> [Provided material]
※
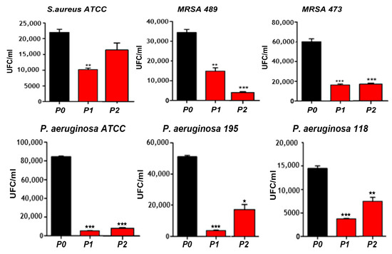 Bacterial population in colony forming unit (UFC/mL) of different S. aureus strains and P. aeruginosa strains adhered on P0, PI and P2 films. *, ** and *** correspond to the magnitude of antimicrobial activity. MRSA: Methicillin-resistant Staphylococcus aureus, and ATCC: American Type Culture Collection.
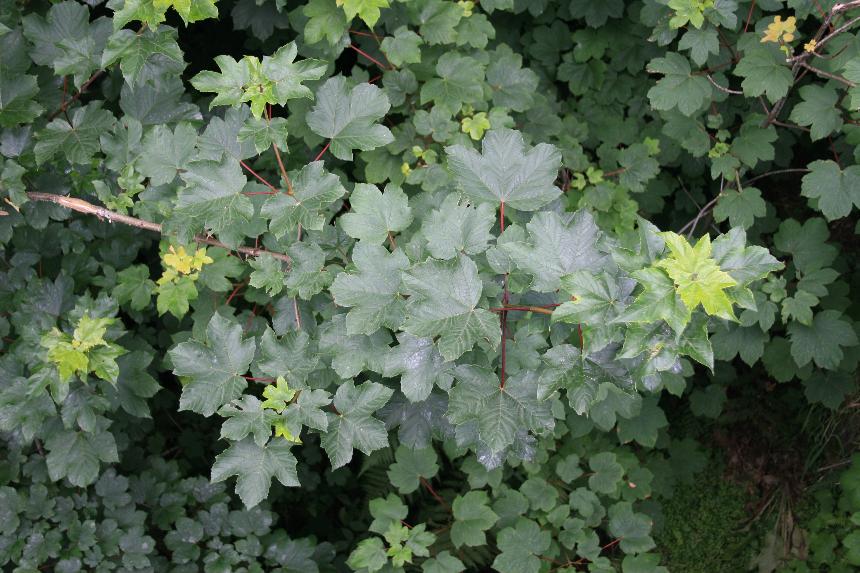 - its leaves are shaped like a hand, with 3-5 deep lobes that have toothed margins.
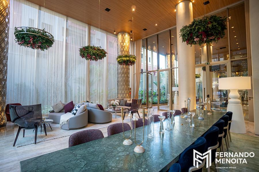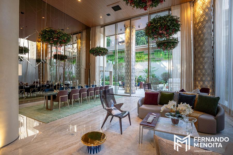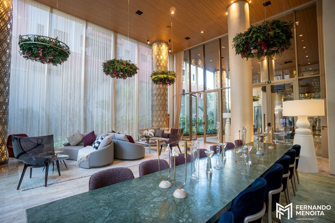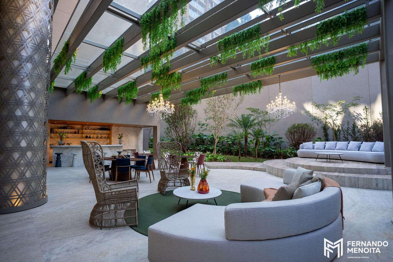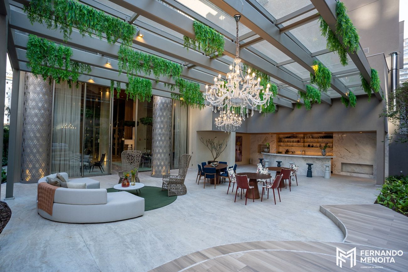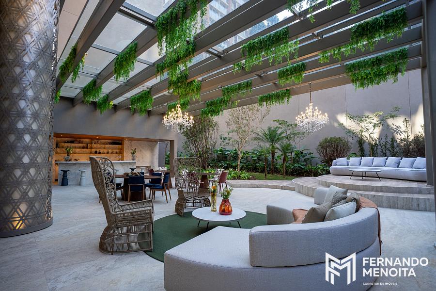O empreendimento conta ainda com um lobby imponente de 116m² com pé-direito de 6,15m, integrado ao jardim, além de lounge and garden com áreas internas e externas que reforçam o conceito de um verdadeiro “jardim secreto” no coração da cidade.
※
> [Description of the task] Each line from the one containing "- its leaves" through the last line of the listing is to be given again exactly, with no pictures and no other lines.

> [The answer]
 - its leaves are shaped like a hand, with 3-5 deep lobes that have toothed margins.
O empreendimento conta ainda com um lobby imponente de 116m² com pé-direito de 6,15m, integrado ao jardim, além de lounge and garden com áreas internas e externas que reforçam o conceito de um verdadeiro “jardim secreto” no coração da cidade.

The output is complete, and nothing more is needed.